The surface of the Earth is continuously bombarded with high energy particles from outer space called cosmic rays. While we have evolved to live quite happily with them, they are a real nuisance to scientists working on certain experiments known as 'rare event searches'. These involve trying to detect a particular event, say a beta particle emitted by a radioactive atom, which only happens very occasionally, say once a day. It's impossible to detect these events on the surface, as any particle detector registers around ten events per second just from cosmic rays.
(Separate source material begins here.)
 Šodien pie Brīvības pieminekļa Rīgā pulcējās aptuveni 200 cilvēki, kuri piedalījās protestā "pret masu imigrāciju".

However, the 1.4km of rock above the Gran Sasso laboratory effectively absorbs all cosmic rays, leaving a near perfect quiet environment, where physicists can carry out precision measurements in peace.
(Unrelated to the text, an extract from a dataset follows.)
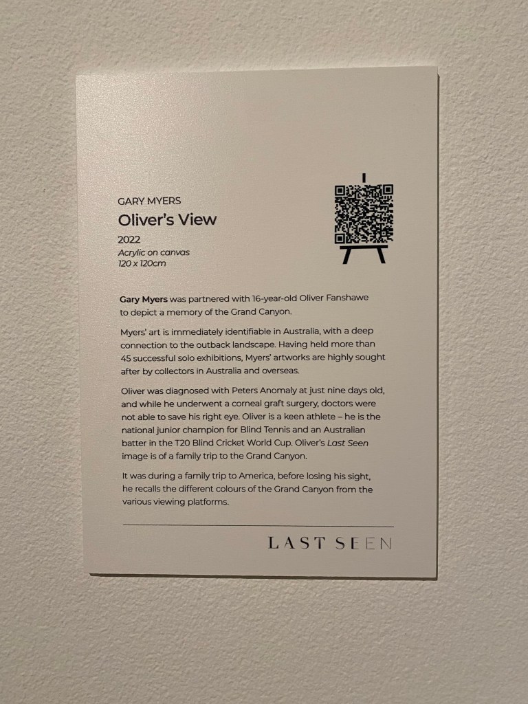 This is the title of an amazing exhibition I had the pleasure of going to this week. It is a collaboration between The Queensland Eye Institute Foundation, Griffith University and Publicis Worldwide. It has matched 10 vision- impaired Australians with artists who were tasked with recreating the vision they last saw before they lost their sight or their most cherished memory.

There are around 30 different experiments taking place in the laboratory's three halls, researching many different areas of physics. These include:
Neutrino astronomy - Neutrinos are tiny particles which hardly ever interact with atoms, so they usually pass straight through the bulk of Gran Sasso and carry on straight through the Earth. However, their interaction rate is not zero... just very small, so it is possible to detect them; and several experiments in the laboratory do this. Neutrinos are produced by the sun. A big mystery in particle-astrophysics is why these neutrino observatories have, so far, only detected a third of the number predicted. One theory is that neutrinos can change from one type of neutrino to another when moving over long distances. But the current experiments detect only one type of neutrino. There are experiments running to test this hypothesis. Recent results from the Sudbury Neutrino Observatory, located in a nickel mine near Sudbury, Ontario, Canada, provide strong evidence for this theory.
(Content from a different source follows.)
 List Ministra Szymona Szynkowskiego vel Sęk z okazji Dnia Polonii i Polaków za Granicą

Dark matter - One thing astronomers are pretty sure about, is that they can only see a small fraction of the total mass of the Universe. The remainder is made up of invisible dark matter. It is believed that at least a large percentage of this dark matter consists of exotic particles, which are very heavy. But, like neutrinos, they hardly ever hit an ordinary atom. Unlike neutrinos, however, these particles have not yet been directly detected. There are a few experiments in Gran Sasso trying to do this.
Double beta decay - Beta decay is when a neutron in an atom changes to a proton and emits an electron. Double beta decay is when this happens to two neutrons in the same atom simultaneously. This is an extremely rare event. Studying exactly how it happens could tell us a lot about the fundamental processes governing how particles interact. So, many Gran Sasso scientists are interested in this.
CERN neutrinos to Gran Sasso - This is a project currently being constructed. The idea is to generate a beam of neutrinos at CERN, the European Laboratory for Physics in Geneva, Switzerland2, and send this beam straight through the Earth to Gran Sasso, where a small number of them will be detected. This experiment will allow scientists to test the changing neutrino hypothesis and study these particles in more detail.
It is possible to join a tour of the laboratory (in Italian). However, unless you have a great love of underground halls full of machinery, there's not a great deal to interest the average tourist.
Working in the laboratory can be a frustrating experience, because you're staying in a beautiful, remote region, with some of the best hiking trails and ski slopes in Italy... and you spend all day working inside a motorway tunnel.